Global Pharmaceutical Research and Development, Abbott Laboratories, 100 Abbott Park Road, Building AP-10, Dep. R4CD, Abbott Park, IL 60064, USA.
BMC Med Genomics. 2010 Jun 22;3:23. doi: 10.1186/1755-8794-3-23.
Cancer is a heterogeneous disease caused by genomic aberrations and characterized by significant variability in clinical outcomes and response to therapies. Several subtypes of common cancers have been identified based on alterations of individual cancer genes, such as HER2, EGFR, and others. However, cancer is a complex disease driven by the interaction of multiple genes, so the copy number status of individual genes is not sufficient to define cancer subtypes and predict responses to treatments. A classification based on genome-wide copy number patterns would be better suited for this purpose.
To develop a more comprehensive cancer taxonomy based on genome-wide patterns of copy number abnormalities, we designed an unsupervised classification algorithm that identifies genomic subgroups of tumors. This algorithm is based on a modified genomic Non-negative Matrix Factorization (gNMF) algorithm and includes several additional components, namely a pilot hierarchical clustering procedure to determine the number of clusters, a multiple random initiation scheme, a new stop criterion for the core gNMF, as well as a 10-fold cross-validation stability test for quality assessment.
We applied our algorithm to identify genomic subgroups of three major cancer types: non-small cell lung carcinoma (NSCLC), colorectal cancer (CRC), and malignant melanoma.

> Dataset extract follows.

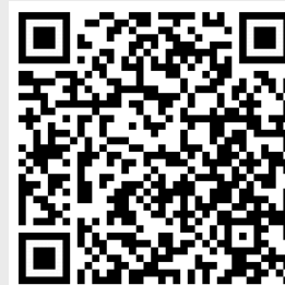
"How You Can Prepare"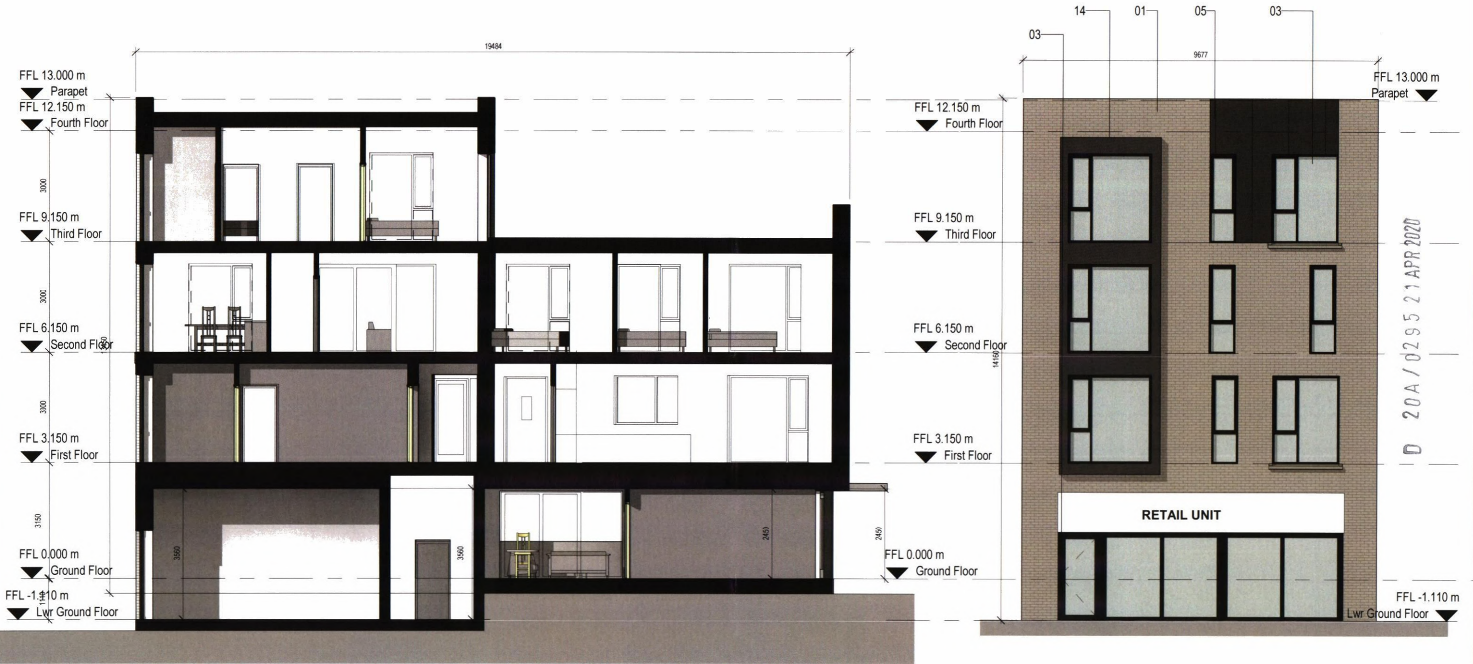
Section A-A 1 : 100

High-density SNP array datasets for patient tumors and established cell lines were used to define genomic subclasses of the diseases and identify cell lines representative of each genomic subtype. The algorithm was compared with several traditional clustering methods and showed improved performance. To validate our genomic taxonomy of NSCLC, we correlated the genomic classification with disease outcomes. Overall survival time and time to recurrence were shown to differ significantly between the genomic subtypes.
We developed an algorithm for cancer classification based on genome-wide patterns of copy number aberrations and demonstrated its superiority to existing clustering methods. The algorithm was applied to define genomic subgroups of three cancer types and identify cell lines representative of these subgroups. Our data enabled the assembly of representative cell line panels for testing drug candidates.

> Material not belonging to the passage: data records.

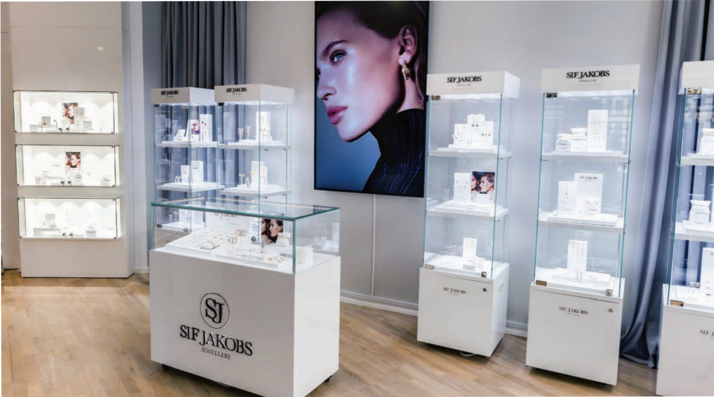
Back Wall - Counter Showcase - Triple Showcase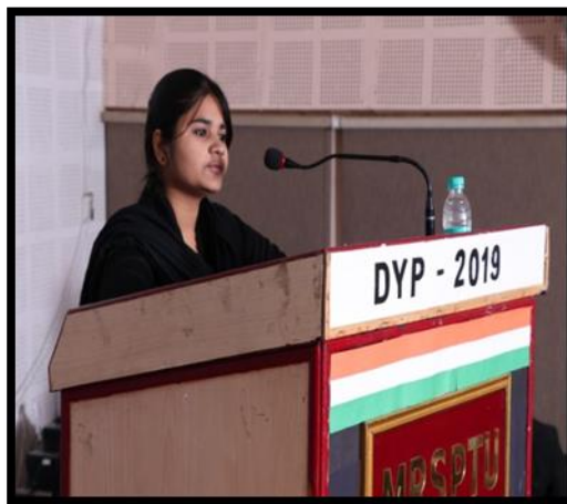
Glimpses of Celebration of District Youth Parliament -19

International Yoga Day Celebration: International yoga day is celebrated on 21 June every year. The volunteers from NSS actively participate in yoga day celebrations. An expert yoga guru trained the participants for yoga.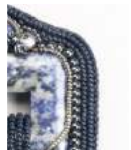
Sunshine Edge (Aka Basic/Raw Edge) DBE pg 65 BWC pg 20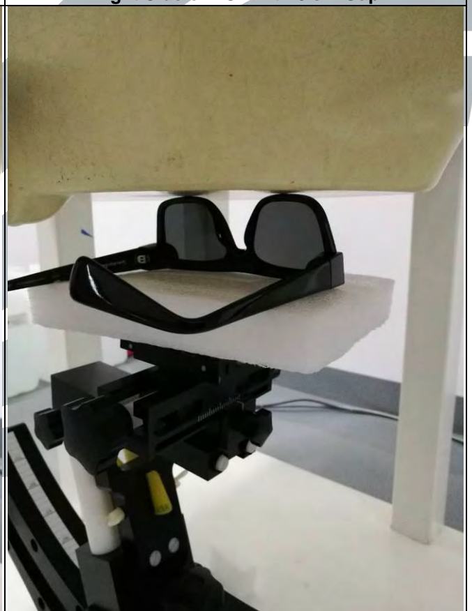
Bottom Side of EUT with 0 cm Gap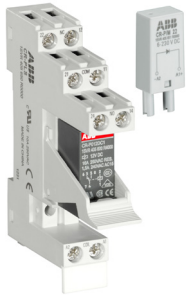
CR-P complete version

癌症是一种由基因组异常引起的异质性疾病,其临床结果和对治疗的反应存在显著的可变性。已经根据个别癌症基因的改变,如 HER2、EGFR 等,确定了几种常见癌症的亚型。然而,癌症是一种由多个基因相互作用驱动的复杂疾病,因此个别基因的拷贝数状态不足以定义癌症亚型并预测治疗反应。基于全基因组拷贝数模式的分类可能更适合这一目的。

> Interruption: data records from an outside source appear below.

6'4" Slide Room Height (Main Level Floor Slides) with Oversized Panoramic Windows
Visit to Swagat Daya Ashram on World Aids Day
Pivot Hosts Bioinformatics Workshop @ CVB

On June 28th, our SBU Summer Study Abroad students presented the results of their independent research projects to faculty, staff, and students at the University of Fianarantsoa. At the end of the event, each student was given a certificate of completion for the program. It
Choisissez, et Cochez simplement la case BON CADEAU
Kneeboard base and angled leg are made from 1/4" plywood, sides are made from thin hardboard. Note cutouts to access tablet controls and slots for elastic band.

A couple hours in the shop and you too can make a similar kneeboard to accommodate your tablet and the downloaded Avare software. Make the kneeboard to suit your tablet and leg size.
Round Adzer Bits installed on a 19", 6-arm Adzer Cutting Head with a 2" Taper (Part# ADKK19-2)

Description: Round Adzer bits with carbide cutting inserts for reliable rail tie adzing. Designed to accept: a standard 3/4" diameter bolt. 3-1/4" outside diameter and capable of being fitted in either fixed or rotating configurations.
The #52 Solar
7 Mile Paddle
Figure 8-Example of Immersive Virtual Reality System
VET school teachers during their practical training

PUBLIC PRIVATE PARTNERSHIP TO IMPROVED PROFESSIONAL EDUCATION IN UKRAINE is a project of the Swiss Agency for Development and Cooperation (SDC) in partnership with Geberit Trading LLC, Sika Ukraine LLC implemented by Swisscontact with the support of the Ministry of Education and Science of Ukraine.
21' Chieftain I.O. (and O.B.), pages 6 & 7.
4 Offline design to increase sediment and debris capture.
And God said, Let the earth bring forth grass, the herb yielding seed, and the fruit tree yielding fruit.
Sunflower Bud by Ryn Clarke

为了基于全基因组拷贝数异常模式开发更全面的癌症分类法,我们设计了一种无监督分类算法,用于识别肿瘤的基因组亚群。该算法基于改进的基因组非负矩阵分解(gNMF)算法,并包含几个附加组件,即用于确定聚类数的试点分层聚类程序、多个随机起始方案、核心 gNMF 的新停止标准,以及用于质量评估的 10 倍交叉验证稳定性测试。
我们应用我们的算法来识别三种主要癌症类型(非小细胞肺癌(NSCLC)、结直肠癌(CRC)和恶性黑色素瘤)的基因组亚群。使用患者肿瘤和已建立的细胞系的高密度 SNP 阵列数据集来定义疾病的基因组亚类,并识别代表每个基因组亚型的细胞系。该算法与几种传统聚类方法进行了比较,显示出了改进的性能。为了验证 NSCLC 的基因组分类法,我们将基因组分类与疾病结果相关联。全生存时间和复发时间在基因组亚型之间存在显著差异。
我们开发了一种基于全基因组拷贝数异常模式的癌症分类算法,并证明了其优于现有聚类方法的性能。该算法应用于定义三种癌症类型的基因组亚群,并识别代表这些亚群的细胞系。我们的数据使代表性细胞系面板能够组装用于测试候选药物。